My environment produces observations of Box (123,), yet the input dict receives observations of Box(32,123). Is this the batch size or sequence size? I set the max_seq_len of my model to 50, so I’m not sure where the 32 is coming from, which is why I am confused about how RLlib passes sequences/histories to the model.

1 Like

Hey @jarbus . Great question. The 32 is just a dummy batch, we pass through the loss to check, whether everything has compiled correctly and to check, which fields of the batch your model/loss/exploration/etcc accesses.

During the actual sampling (inference) and learning, RLlib does the following:

  1. Inference: RLlib will provide the GTrXL model with an internal state input of: [B ← vectorized env size (`num_envs_per_worker`), [`attention_memory_inference`=100], [attention_dim = size of each memory vector]] x attention_num_transformer_units
    Note that max_seq_len does not play a role for inference (the “seq-len” here is always just 1).

  2. Training: [B (`train_batch_size|sgd_minibatch_size`), [`attention_memory_training`=50], [attention_dim]] x attention_num_transformer_units
    Note that max_seq_len here determines the “repeat” inside the train batch.
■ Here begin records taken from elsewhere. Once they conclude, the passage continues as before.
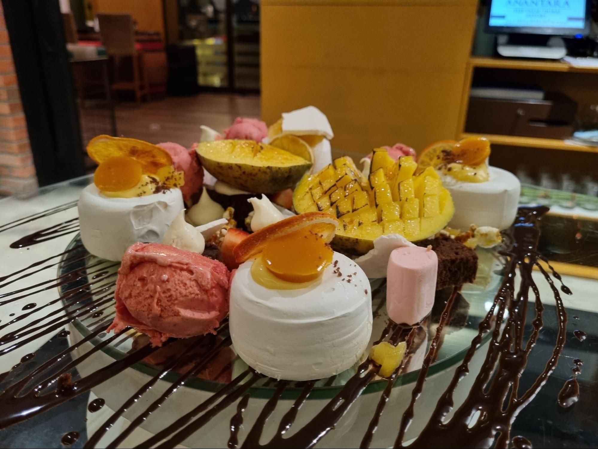 To end your meal on a sweet note, we highly recommend ordering the Australian Dessert, expertly constructed by a chef right at your table. This interactive treat is sure to delight both adults and kids alike, as the chef artfully combines a medley of delicious ingredients including Pavlova meringue, velvety chocolate mousse, decadent chocolate soil and sauce, luscious chantilly cream, tangy raspberry coulis, refreshing raspberry sorbet, and freshly caramelized mango cheeks to create a visually stunning masterpiece.
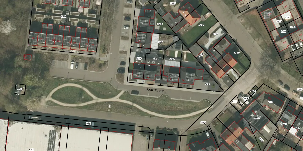 Sportstraat 3-A is gelegen op kadastraal perceel WEE01S6061. Deze kadastrale aanduiding is uniek en wordt gebruikt door het Kadaster om eigendomsrechten en andere zakelijke rechten vast te leggen. Het perceel maakt onderdeel uit van de kadastrale gemeente Weert.
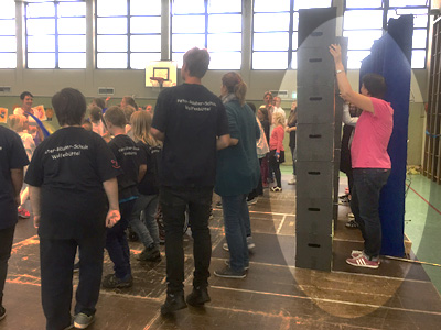 Zum Schluss waren natürlich alle wieder auf der Bühne und befördern den Haus- zum Bürgermeister und aus Wolfenbüttel wird Peter- Räuber- Stadt.
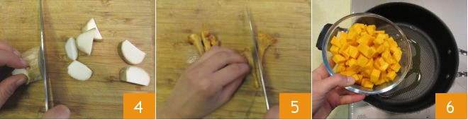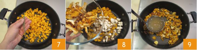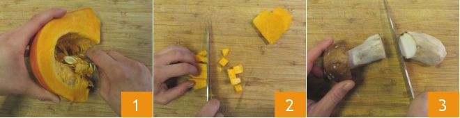 E então, depois de esfregá-los com um pano para remover as impurezas, corte-os em pedaços 4. Limpe da mesma forma os chanterelles e depois divida-os ao meio no sentido do comprimento 5. Em uma panela, aqueça um fio de azeite de oliva, em seguida adicione a abóbora 6.
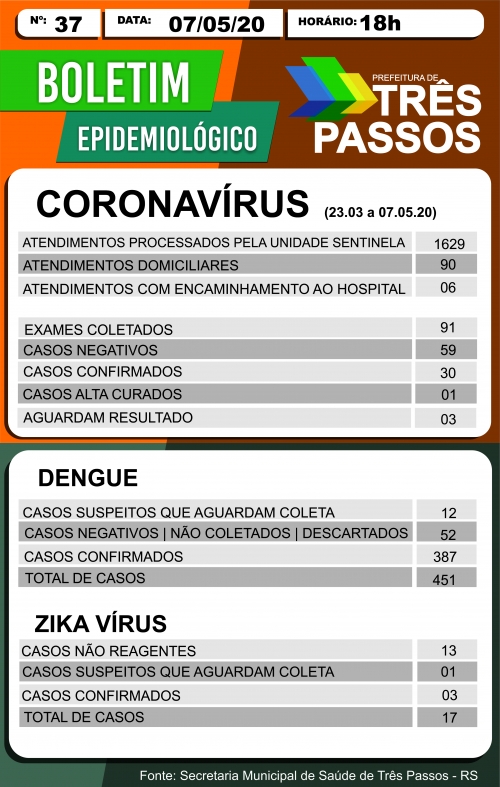 Em live no facebook, a prefeitura de Três Passos confirmou que o município chegou nessa quinta-feira (07) aos 30 casos de covid-19.
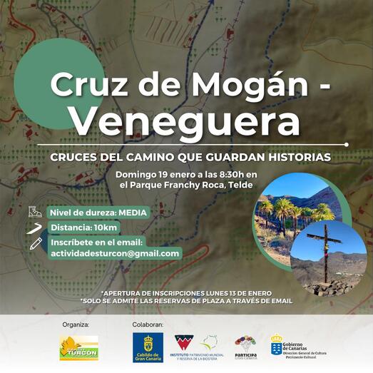 El programa de visitas culturales de Turcón Ecologistas en Acción incluye para el domingo 19 de enero una ruta de la Cruz de Mogán a Veneguera. Una actividad con salida desde Telde, desde el Parque Franchy Roca (8.30 horas) y que aunará etnografía, historia y naturaleza.
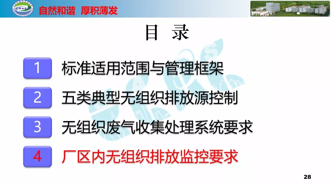 主要包括:標(biāo)準(zhǔn)適用范圍與管理框架、五類典型無組織排放源控制、無組織廢氣收集處理系統(tǒng)要求、廠區(qū)內(nèi)無組織排放監(jiān)控要求等四方面的內(nèi)容。
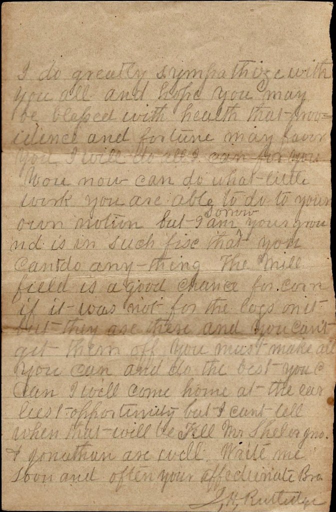 You must make all you can and do the best you can, I will come home at the earliest opportunity but I can’t tell when that will be. Tell Mr. Shelor Jno. and Jonathan are well. Write me soon and often. Your affectionate brother, — J. H. Rutledge
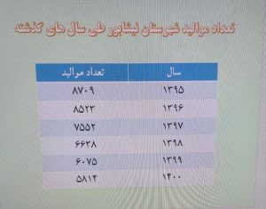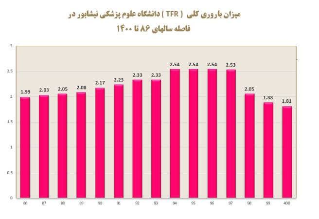وی افزود: نرخ باروری کل یا نرخ فرزندآوری میانگین تعداد فرزندانی است که یک زن در طول زندگی اش به دنیا می آورد و نرخ باروری کلی شهرستان نیشابور طی سالهای اخیر با روند کاهشی همراه بوده است.
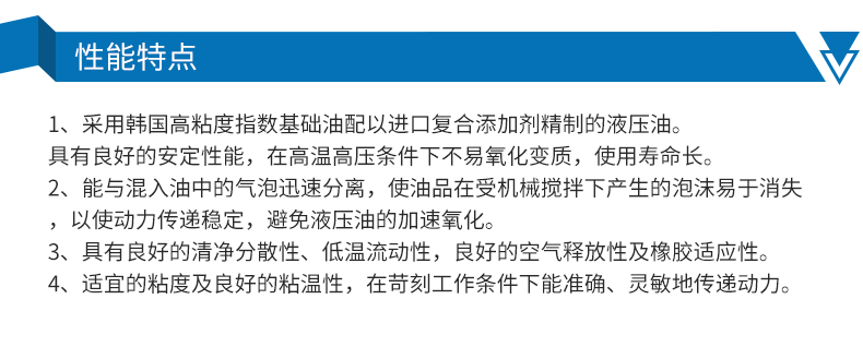 ●采用韓國高粘度指數(shù)基礎(chǔ)油配以進口復(fù)合添加劑精制的抗磨液壓油。
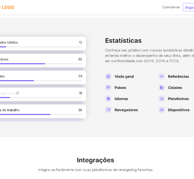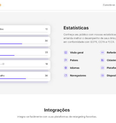 ESTATÍSTICAS – Obtenha insights analíticos para seus links sobre sua Visão Geral do Público, Referências, Países, Cidades, Idiomas, Plataformas, Navegadores e Dispositivos.

So e.g. if max_seq_len=10 and attention_memory_training=50, you would see chunks of len 10 in your train batch, but each chunk would still have a memory input with a [B, T=50, …] shape. Whether such a setup would make sense is a different question.

I would always recommend setting your values to:
max_seq_len=attention_memory_inference=attention_memory_training=[somewhere between 20 and 200].

2 Likes